#### GIVEN MATERIAL
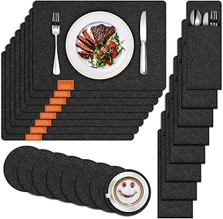Filz Platzset Tischsets Abwaschbar 19er Set 6 Platzsets Untersetzer Bestecktaschen 1 Untersetzer Box-Platzset Abwischbar Beleg rutschfest(Dunkelgrau)
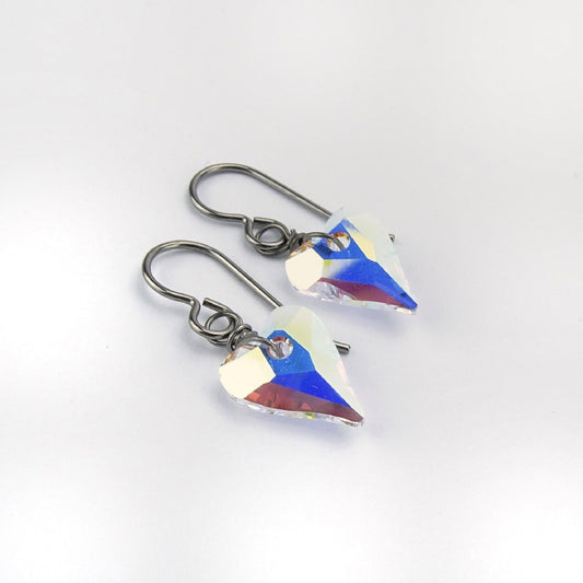 Titanium Earrings with Aurora Borealis Heart Crystals
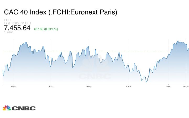 كذلك مؤشر CAC الفرنسي، فقد أغلق مرتفعاً بنسبة 0.91% عند مستوى 7455 نقطة.
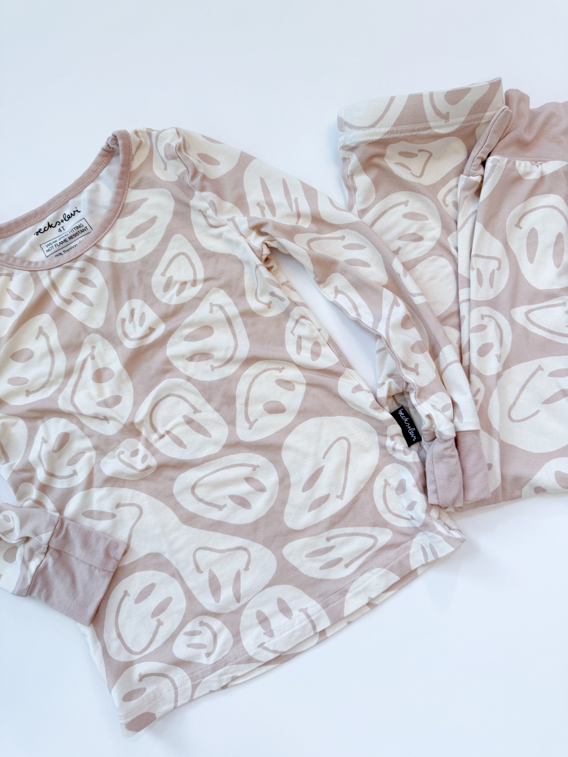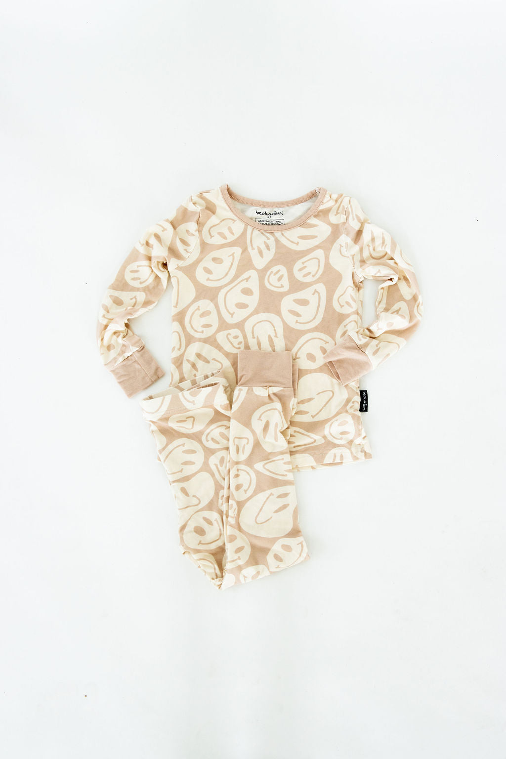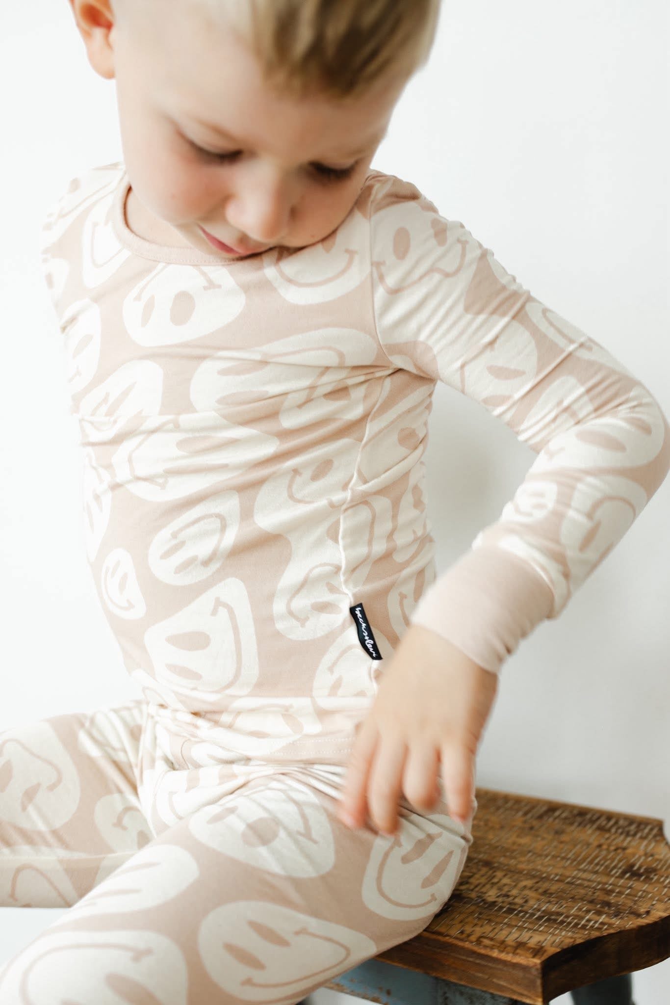 Crafted from ultra-soft, premium bamboo, these cozy pajamas are designed for both comfort and durability—perfect for sleep or play. Our two-piece set includes a long-sleeve top with an elastic-waisted pants bottom. Our Becks print is a one-of-a-kind pattern that features a tan color with cream colored warped smiley faces.

#### TASK OBJECTIVE
Whatever lies between the first line of the data and the line holding "كذلك مؤشر CAC", inclusive, should be repeated exactly, apart from the pictures.

#### WRITTEN SOLUTION
Filz Platzset Tischsets Abwaschbar 19er Set 6 Platzsets Untersetzer Bestecktaschen 1 Untersetzer Box-Platzset Abwischbar Beleg rutschfest(Dunkelgrau)
 Titanium Earrings with Aurora Borealis Heart Crystals
 كذلك مؤشر CAC الفرنسي، فقد أغلق مرتفعاً بنسبة 0.91% عند مستوى 7455 نقطة.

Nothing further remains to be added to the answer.